HP^{3} was conceived by Gromov V. V. et al. in 1997, and first flown as the PLUTO instrument on the failed 2003 Beagle 2 Mars lander mission. HP^{3} evolved further and it was proposed in 2001 for a mission to Mercury, in 2009 to the European Space Agency as part of the Humboldt payload on board the ExoMars lander, in 2010 for a mission to the Moon, and in 2011 it was proposed to NASA's Discovery Program as a payload for InSight Mars lander, known at that time as GEMS (Geophysical Monitoring Station). InSight was launched on 5 May 2018 and landed on 26 November 2018.

==Mole penetrometer==
The mole is described as a "self-hammering nail" and was designed to burrow below the Martian surface while trailing a tether with embedded heaters and temperature sensors. The goal was to measure the thermal properties of Mars' interior, and thus reveal unique information about the planet's geologic history.
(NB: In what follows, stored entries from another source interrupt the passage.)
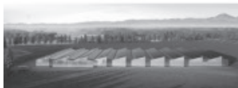
▲高根沢新工場（仮称）イメージ図

医療機器を製造販売するマニー株式会社が取得した、花岡のキリンビール旧栃木工場跡地では、新たな施設整備の準備を進めていましたが、この度、高根沢新工場（仮称）の建設工事がはじまりました。 ◆ 工事期間 （予定） 令和7年1月31日まで ◆ 施設概要 マニー株式会社新工場 （同社医療機器の製造を予定） ◆ その他 工事車両の進入路については、県道宇都宮・那須烏山線沿いの西側の工事ゲートを使用し、左折入場、左折退場とします。 ◆ 地鎮祭の様子 10月17日（火）、マニー株式会社新工場予定地で、地鎮祭が執り行われました。
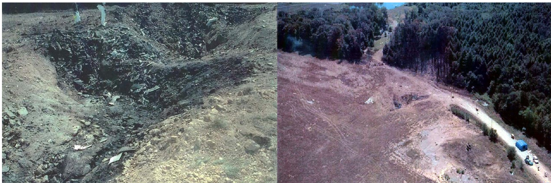
Bild 1: Offizielle Absturzstelle der Boeing 757 in Shanksville. Die Fotos wurden von US-Behörden hergestellt und sind daher unter Public Domain frei verfügbar (3, 4).

Die heutige Zeit wird von den Terroranschlägen des 11. September 2001 – 9/11 – und den daraus abgeleiteten Unterdrückungsmaßnahmen gegen die eigene Bevölkerung geprägt sowie von den Konflikten und Kriegen mit oftmals hunderttausenden Toten (1, 2). Bei dem 9/11-Ereignis selbst wurden vier Verkehrsflugzeuge entführt und 3.000 Menschen starben. Das folgende Bild zeigt die offizielle Absturzstelle eines der Flugzeuge, der Boeing 757 von United Airlines Flug 93:
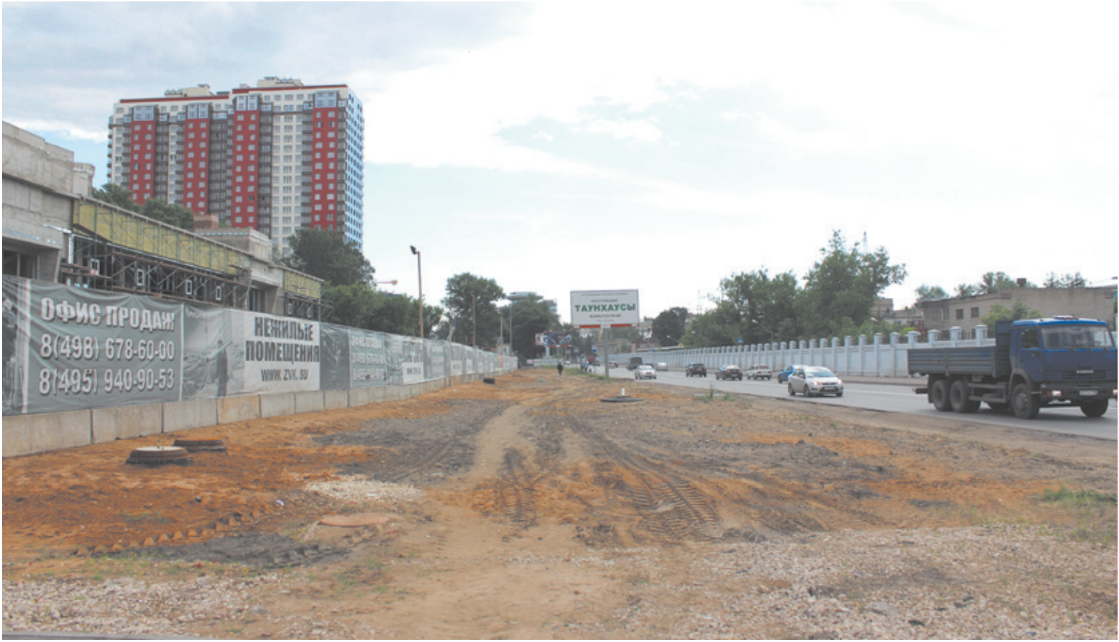
Потенциальная полоса движения

Реконструкция Пионерки планируется грандиозная и затратная. Только по предварительным подсчётам, на расширение дорожного полотна потребуются 60 млн рублей. Работы будут вестись поэтапно, ведь фронт их достаточно велик. Предстоит снос ветхого двухэтажного жилого фонда, затем перенос опор освещения и вырубка части деревьев по ул. Пионерской, чтобы подготовить полотно для расширения проезжей
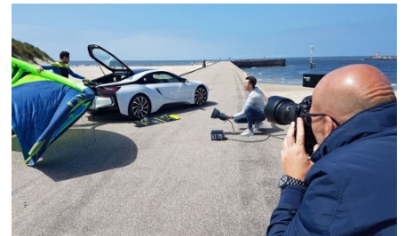
Gute Bedingungen beim Fotoshooting: Ein Aufhellblitz hebt das Gesicht des BMW-Fahrers hervor, die abschließende Bildbearbeitung rundet das Motiv ab.

Blauer Himmel, Sonne, Meer und mitten in der Strandidylle ein weißer BMW i8. Der Besitzer des sportlichen Plug-in-Hybrids, ein in Neopren gehüllter Kitesurfer, nimmt gerade seinen Lenkdrachen aus dem Fahrzeug – bereit für einen Ritt auf den Wellen. Die Bedingungen beim Fotoshooting für das Mai-Motiv sind gut. Nur ein Aufhellblitz ist nötig, um das Gesicht des BMW-Fahrers hervorzuheben. Später, bei der Bildbearbeitung, werden nicht nur die Farben optimiert, sondern auch weitere Kitesurfer eingefügt. Fahrzeug, Motto und Bildkomposition spiegeln den Charakter des Fahrers wider: Hightech und Stilbewusstsein, gepaart mit Liebe zu Meer, Wassersport und Natur.
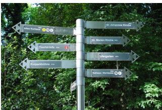
Bedienelemente / Leitsystem
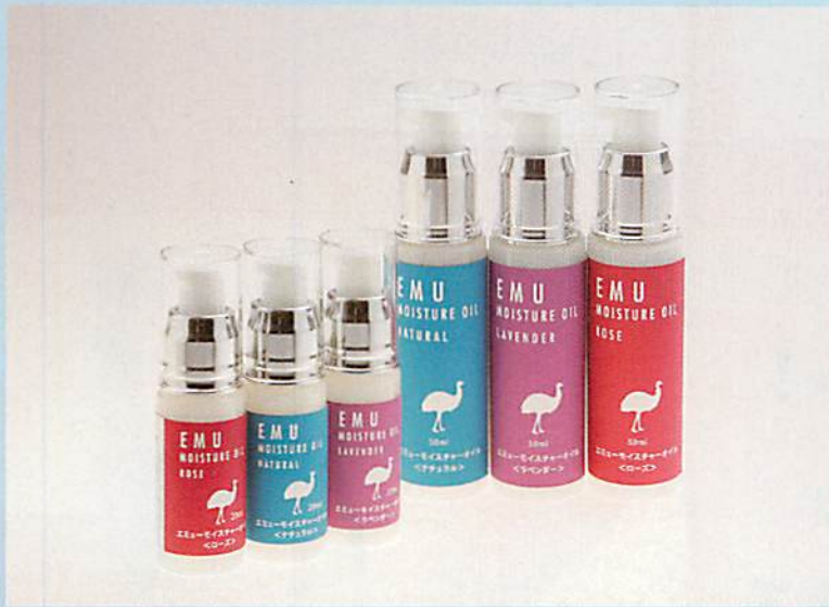
無臭タイプのほかに、バラやラベンダーの香りをブレンドした商品もある

エミューの油を使ったスキンケア商品が認証された。代表商品であるエミューモイスターオイルは、高い皮膚浸透性と保湿効果、そして肌トラブルに有益とされる酸化防止の3つの主な機能が評価に結びついた。
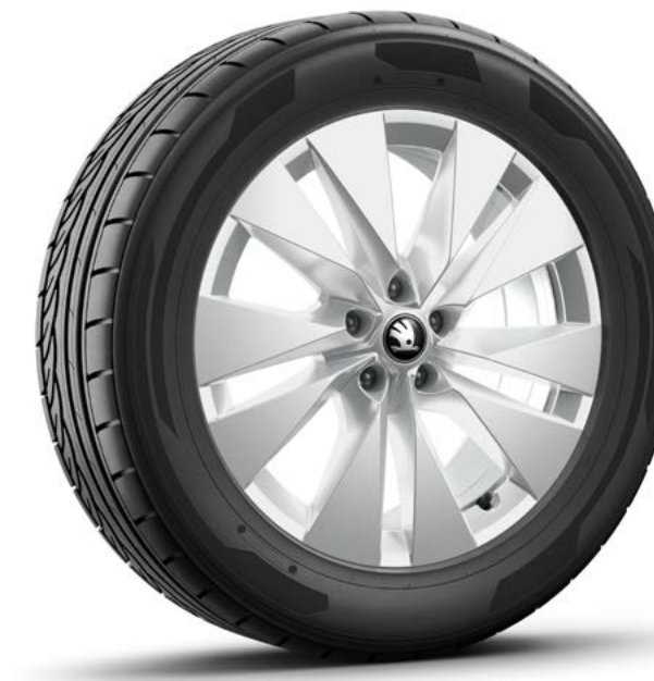
19" Proteus zilver
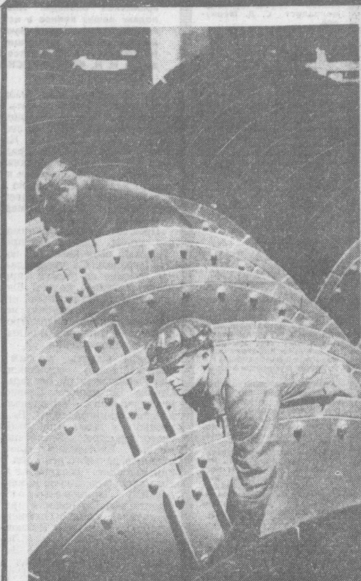
Золото Мурунтау... Все ближе время, когда оно пойдет на нужды экономики и культуры нашей страны. В комплексе будущего промышленного комбината готовится золотодобывающая фабрика. На этом снимке запечатлен момент монтажа ее мельничной установки.

Нет никакого сомнения, что ученые-экономисты обеспечат дальнейшее теоретическое развитие экономической науки, внесут новый вклад в строительство коммунизма.

The burrowing mole is a pointed cylinder with a smooth outer surface approximately 35 cm in length and 3.5 cm in diameter. It contains a heater to determine thermal conductivity during descent, and it trails a tether equipped with precise heat sensors placed at 10 cm intervals to measure the temperature profile of the subsurface.

The mole penetrator unit is designed to be placed near the lander in an area about 3-m long and 2-m wide. The total mass of the system is approximately 3 kg and it consumes a maximum of 2 watts while the mole is active.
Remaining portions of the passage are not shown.